Action item -
From the listing that follows, reproduce only the lines from the one holding "Polska lampa podłogowa" through the one holding "由于不明原因,天空之城停泊在", both included, with no pictures.

Extracted entries -
[Start of Attachment]

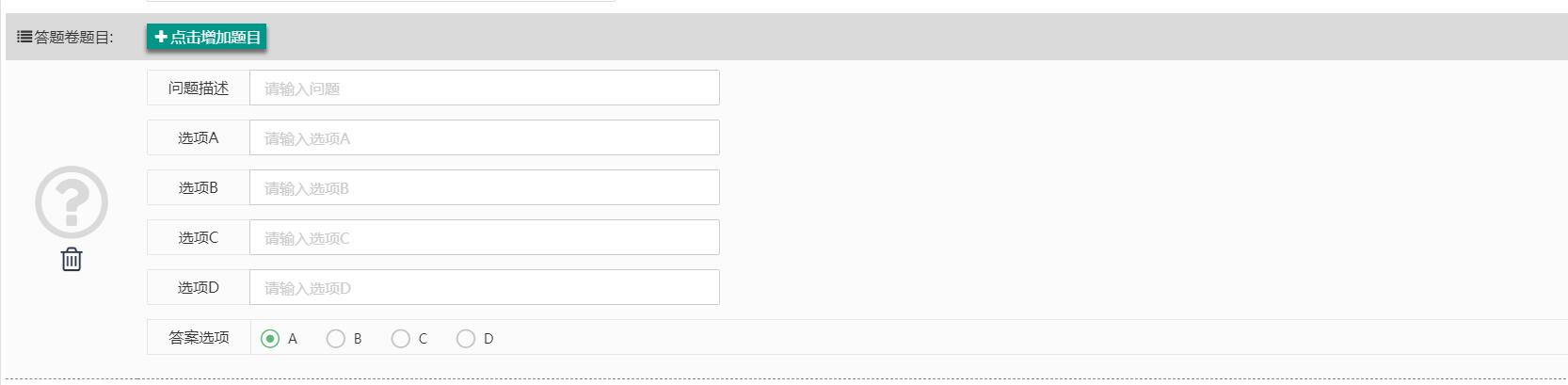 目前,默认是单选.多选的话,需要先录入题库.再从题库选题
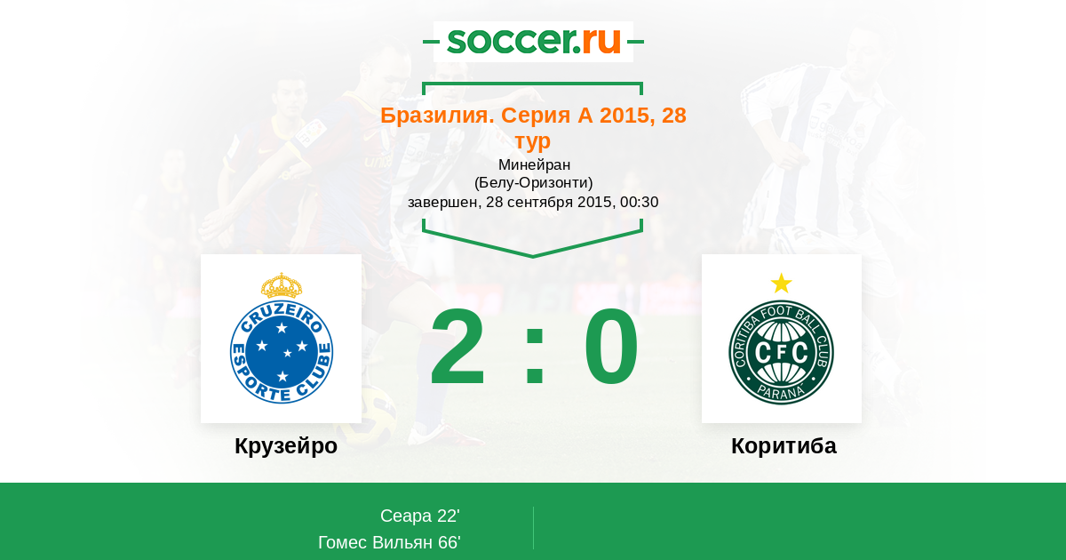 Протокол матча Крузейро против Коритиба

[End of Attachment]
[Start of Attachment]

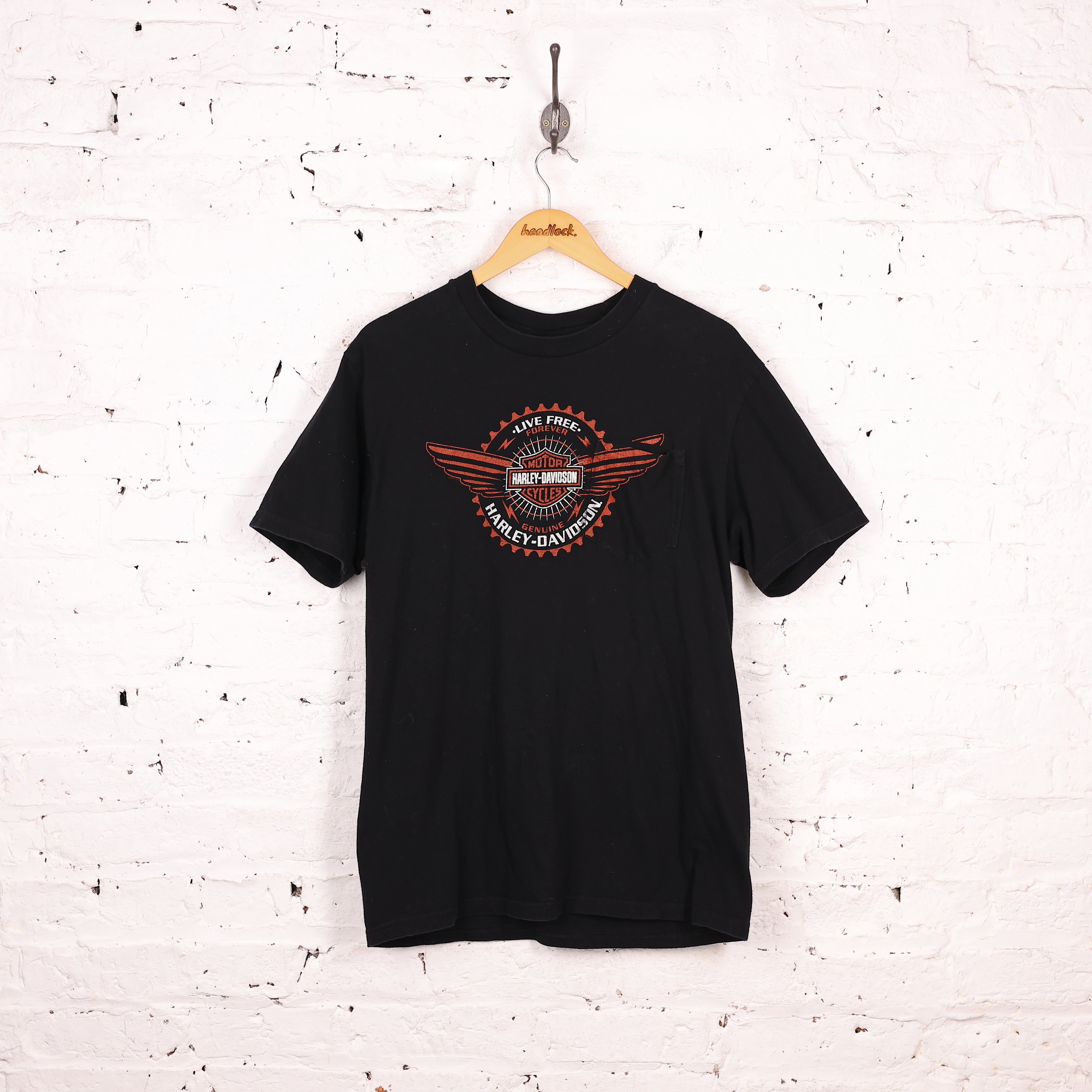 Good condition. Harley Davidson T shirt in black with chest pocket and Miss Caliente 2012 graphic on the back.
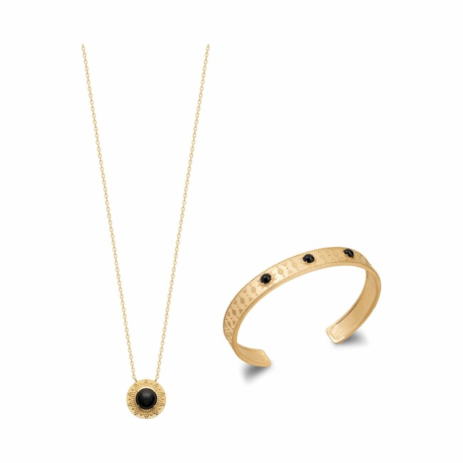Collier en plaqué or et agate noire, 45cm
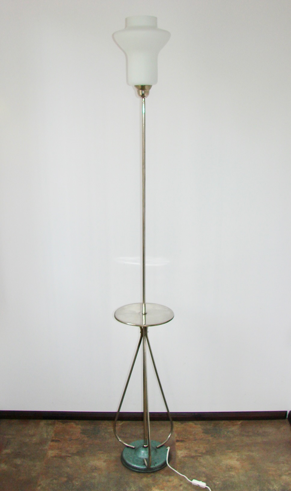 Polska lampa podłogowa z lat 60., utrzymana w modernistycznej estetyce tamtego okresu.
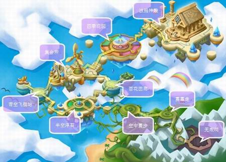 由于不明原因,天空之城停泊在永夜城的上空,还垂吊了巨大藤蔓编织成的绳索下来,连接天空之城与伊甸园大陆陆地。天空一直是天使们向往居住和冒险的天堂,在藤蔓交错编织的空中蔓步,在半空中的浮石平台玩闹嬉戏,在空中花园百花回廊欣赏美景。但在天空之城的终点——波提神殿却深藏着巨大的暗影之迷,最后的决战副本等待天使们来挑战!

[End of Attachment]

Solution below -
 Polska lampa podłogowa z lat 60., utrzymana w modernistycznej estetyce tamtego okresu.
 由于不明原因,天空之城停泊在永夜城的上空,还垂吊了巨大藤蔓编织成的绳索下来,连接天空之城与伊甸园大陆陆地。天空一直是天使们向往居住和冒险的天堂,在藤蔓交错编织的空中蔓步,在半空中的浮石平台玩闹嬉戏,在空中花园百花回廊欣赏美景。但在天空之城的终点——波提神殿却深藏着巨大的暗影之迷,最后的决战副本等待天使们来挑战!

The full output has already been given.